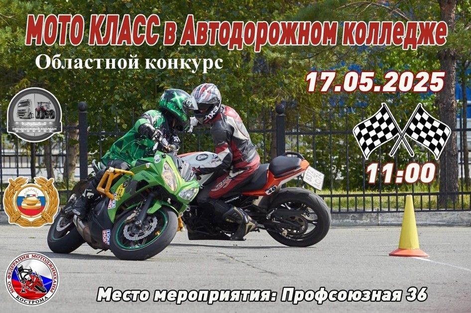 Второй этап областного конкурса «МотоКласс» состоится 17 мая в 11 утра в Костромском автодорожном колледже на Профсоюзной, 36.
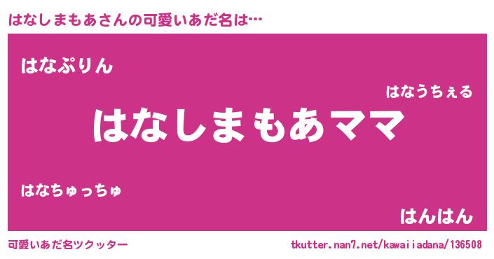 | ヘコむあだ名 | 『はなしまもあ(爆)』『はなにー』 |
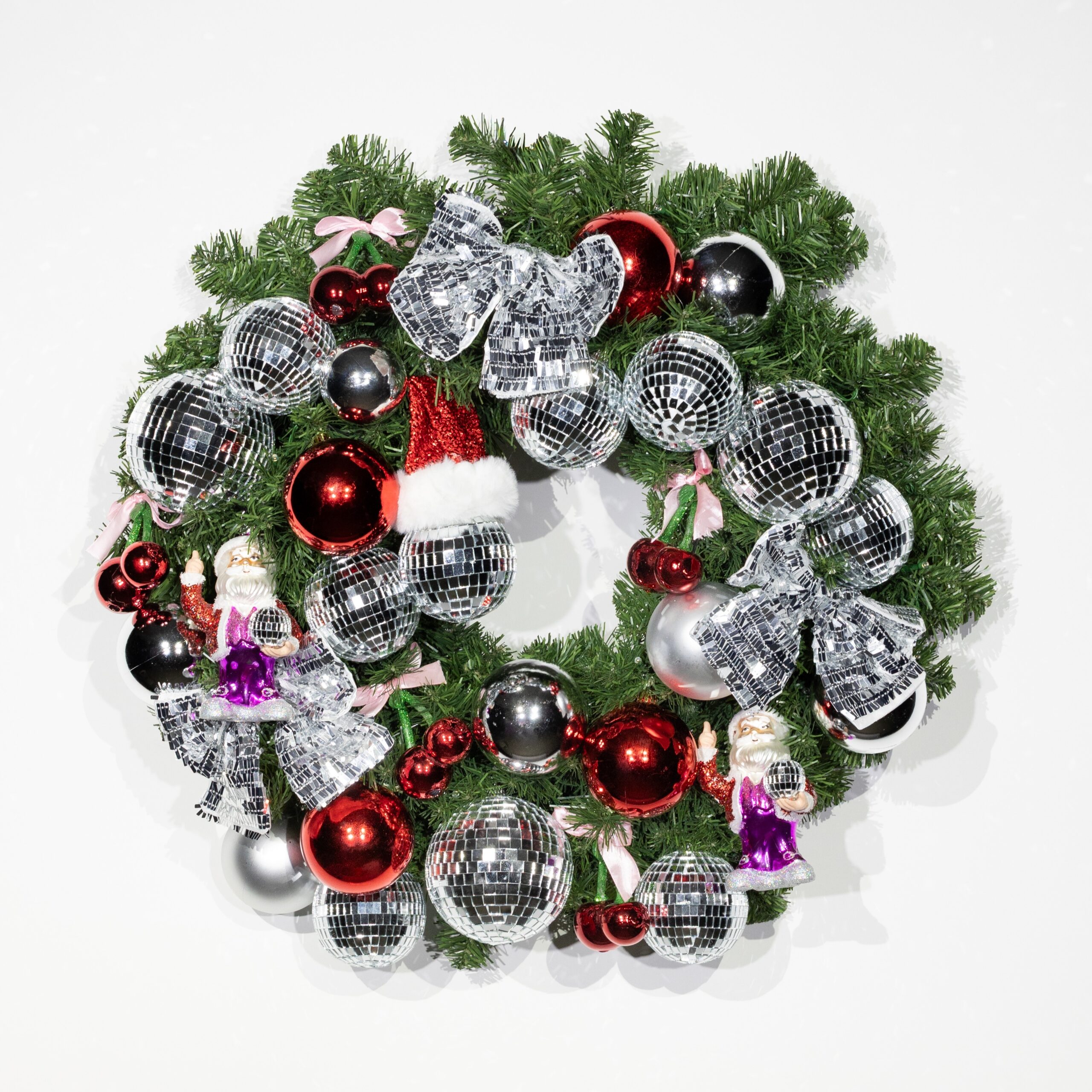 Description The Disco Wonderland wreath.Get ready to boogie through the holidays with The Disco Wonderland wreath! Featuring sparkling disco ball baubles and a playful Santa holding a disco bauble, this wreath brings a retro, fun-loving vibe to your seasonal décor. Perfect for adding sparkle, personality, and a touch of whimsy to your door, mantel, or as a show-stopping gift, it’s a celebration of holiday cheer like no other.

..........

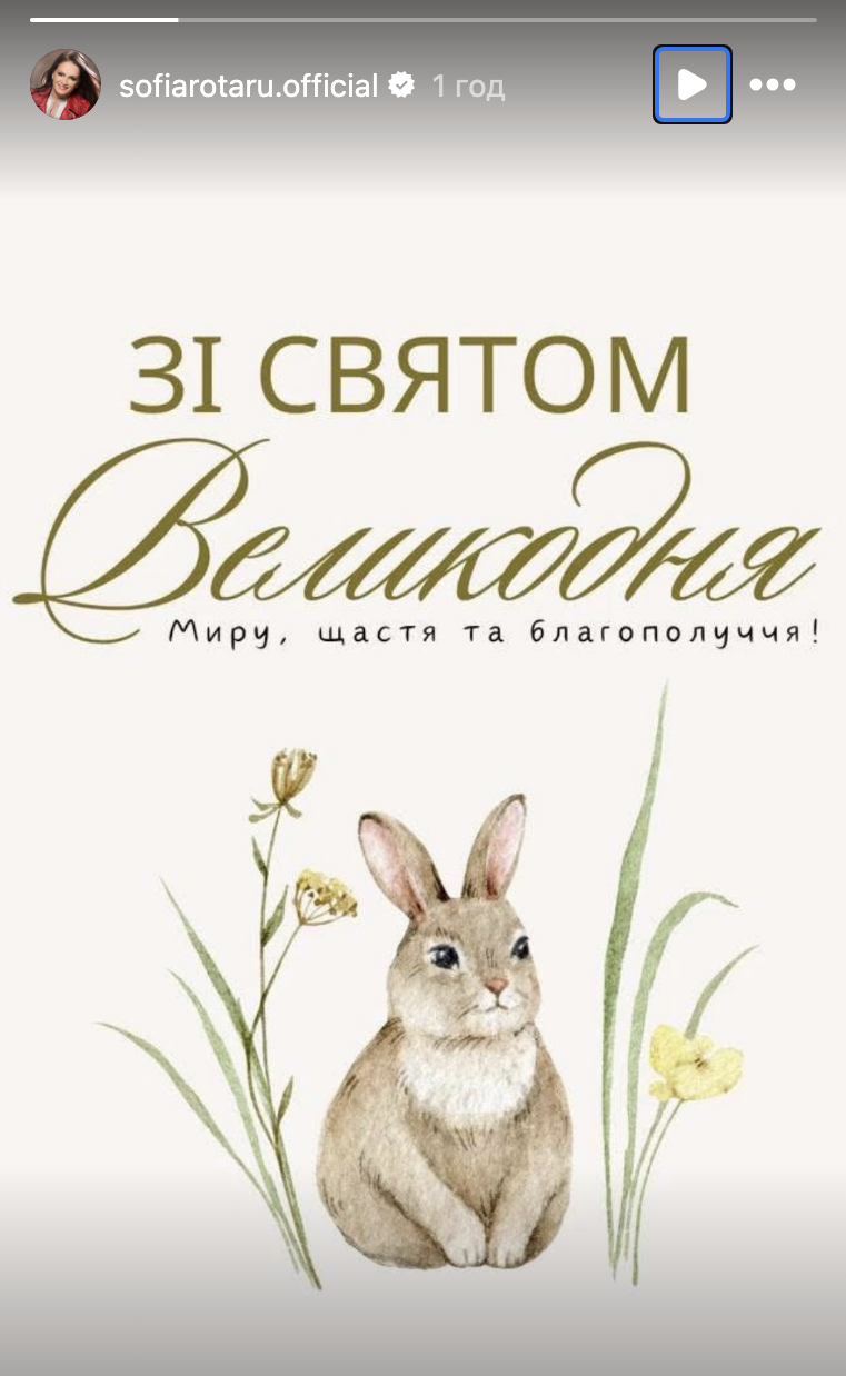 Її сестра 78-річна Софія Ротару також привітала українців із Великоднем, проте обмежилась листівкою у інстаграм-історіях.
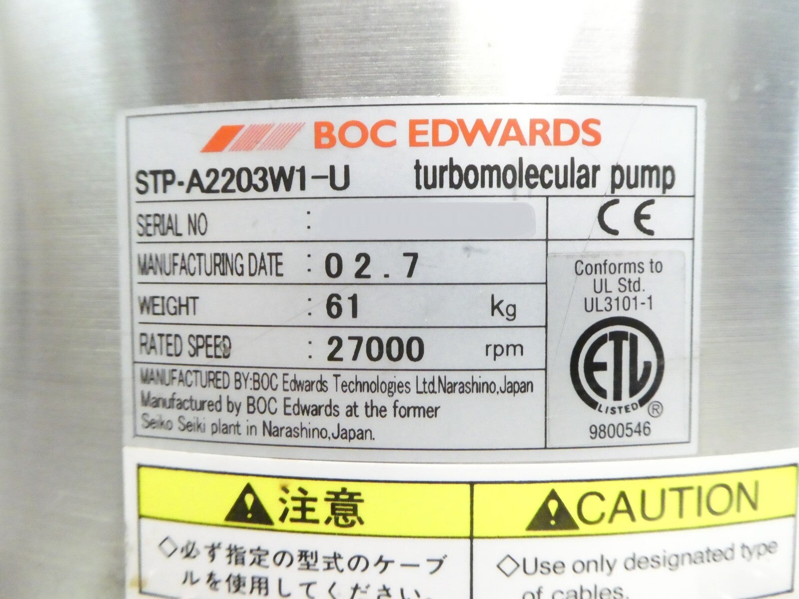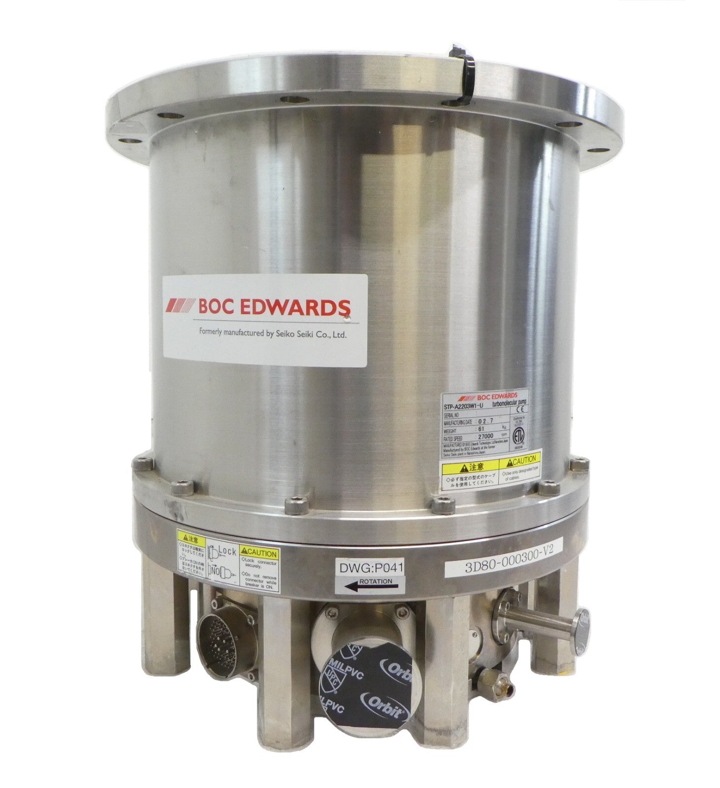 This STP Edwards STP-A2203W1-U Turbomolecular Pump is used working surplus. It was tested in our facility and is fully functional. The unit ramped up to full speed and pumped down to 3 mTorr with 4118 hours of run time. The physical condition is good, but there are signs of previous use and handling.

..........

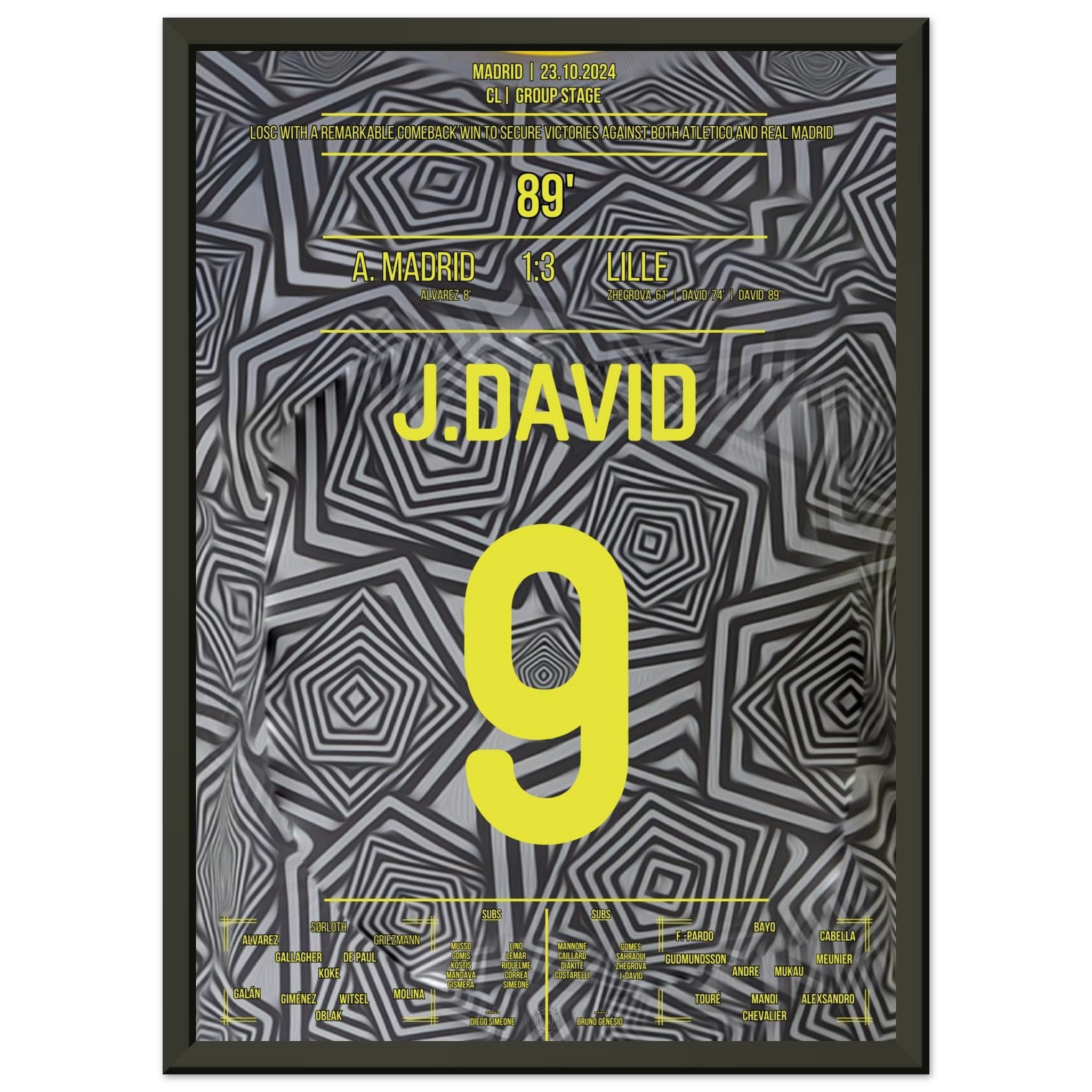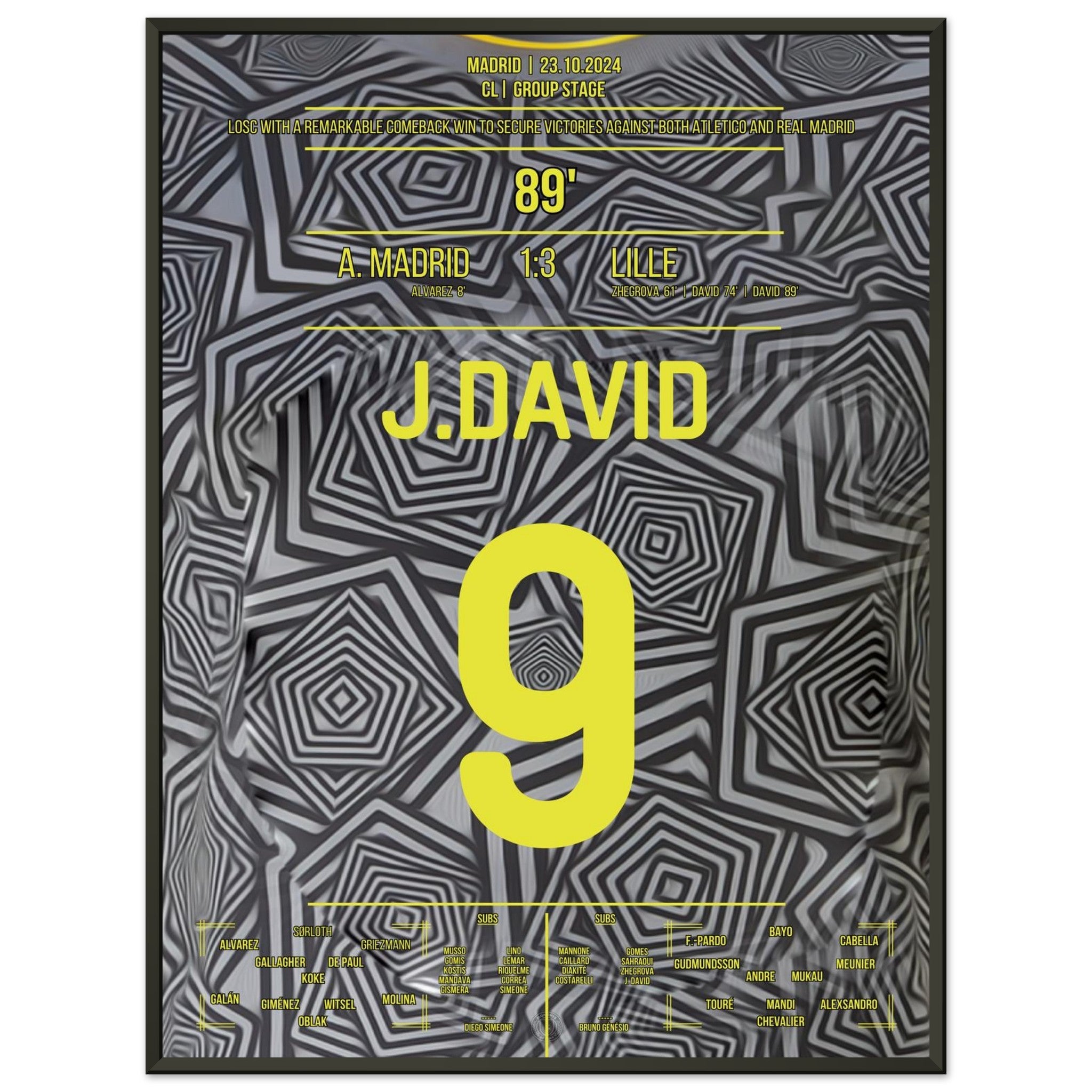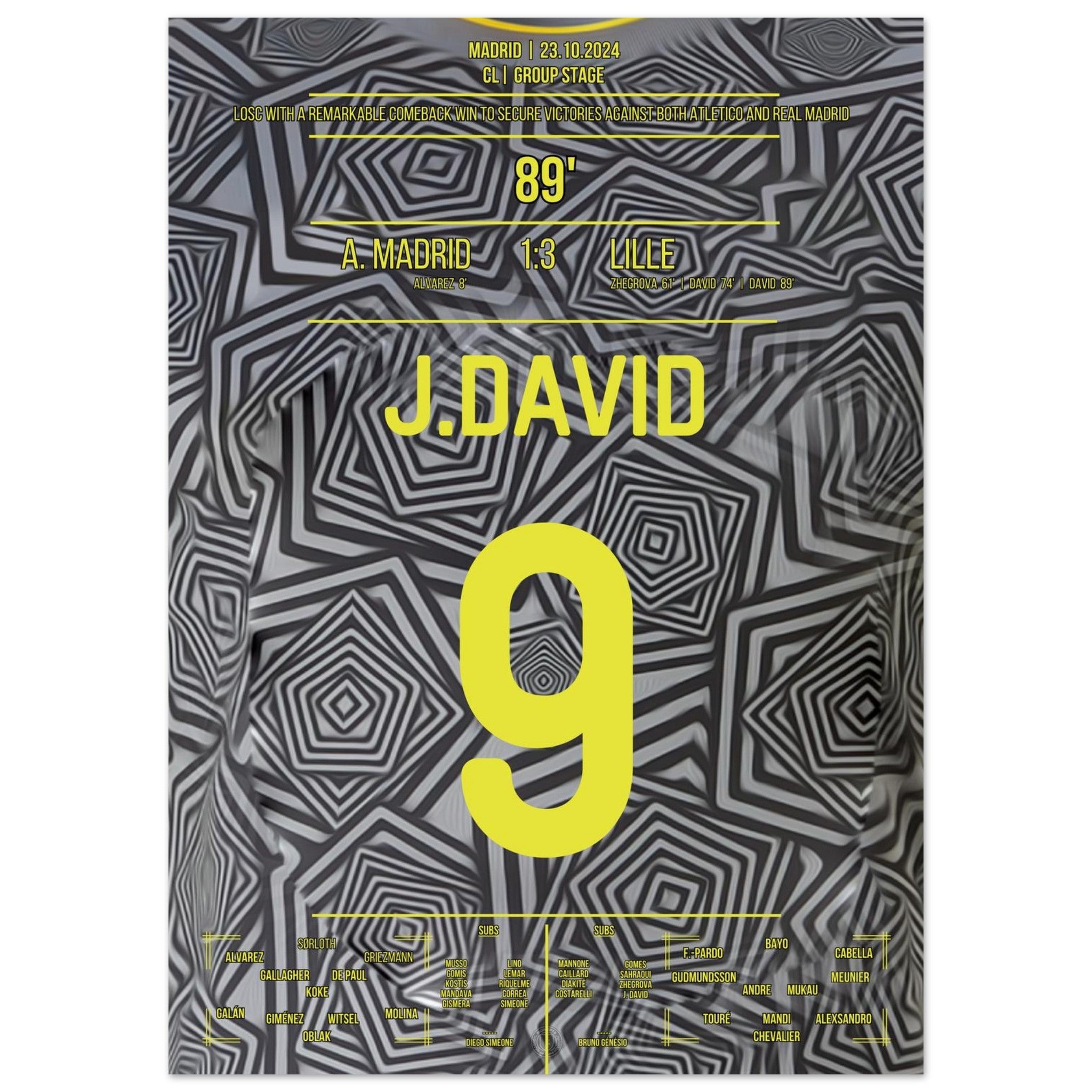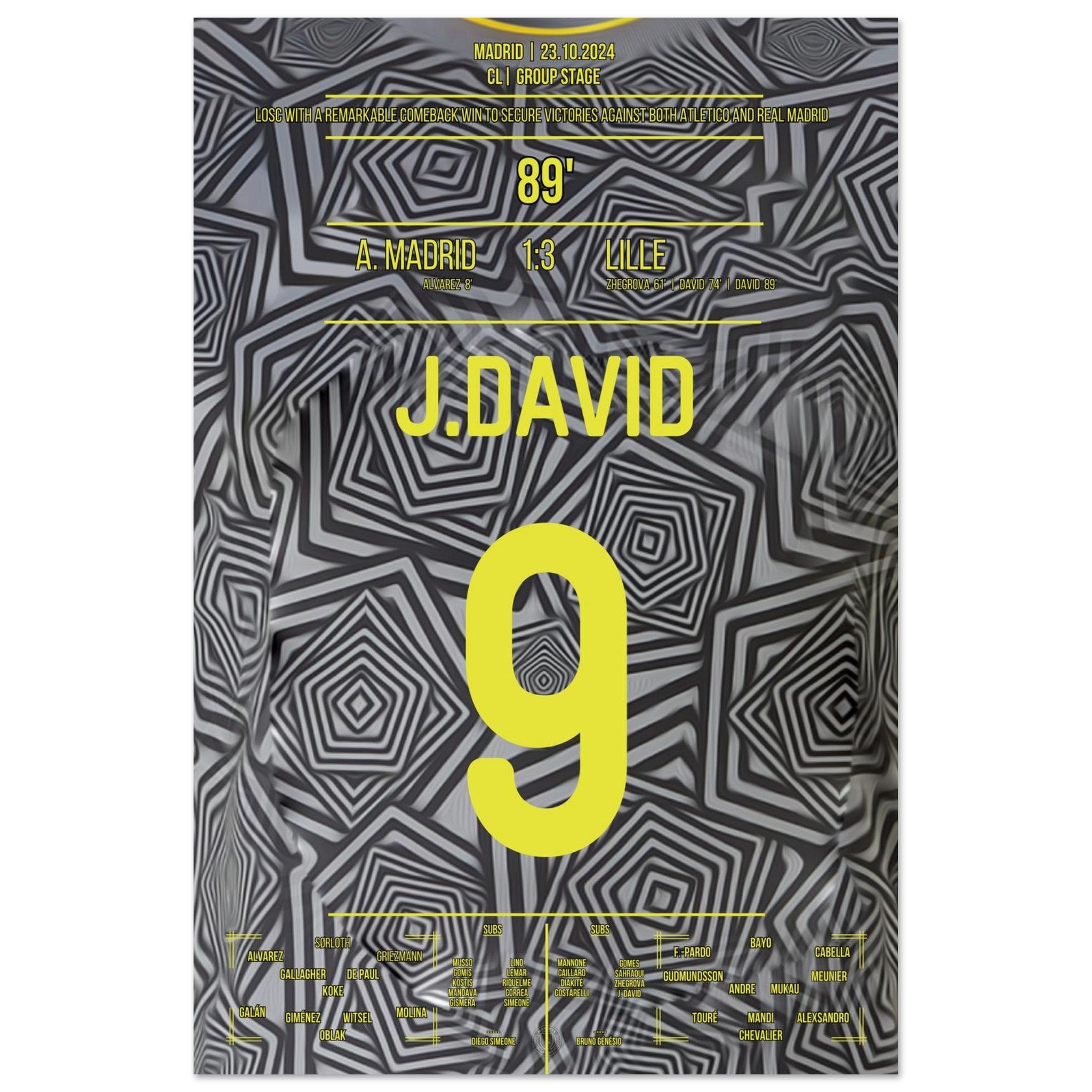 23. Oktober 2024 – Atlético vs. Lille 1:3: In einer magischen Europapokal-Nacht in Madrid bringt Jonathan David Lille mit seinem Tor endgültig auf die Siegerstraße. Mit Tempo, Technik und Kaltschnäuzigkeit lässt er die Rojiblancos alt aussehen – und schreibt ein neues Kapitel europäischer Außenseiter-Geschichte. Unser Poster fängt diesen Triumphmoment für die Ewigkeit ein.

..........

_TASK DETAILS_: Take the material above and output only the lines from the one that contains "Второй этап областного" through the one that contains "ヘコむあだ名 | 『はなしまもあ(爆)』『はなにー』 |", ends included and images left out.

_YOUR SOLUTION_:
 Второй этап областного конкурса «МотоКласс» состоится 17 мая в 11 утра в Костромском автодорожном колледже на Профсоюзной, 36.
 | ヘコむあだ名 | 『はなしまもあ(爆)』『はなにー』 |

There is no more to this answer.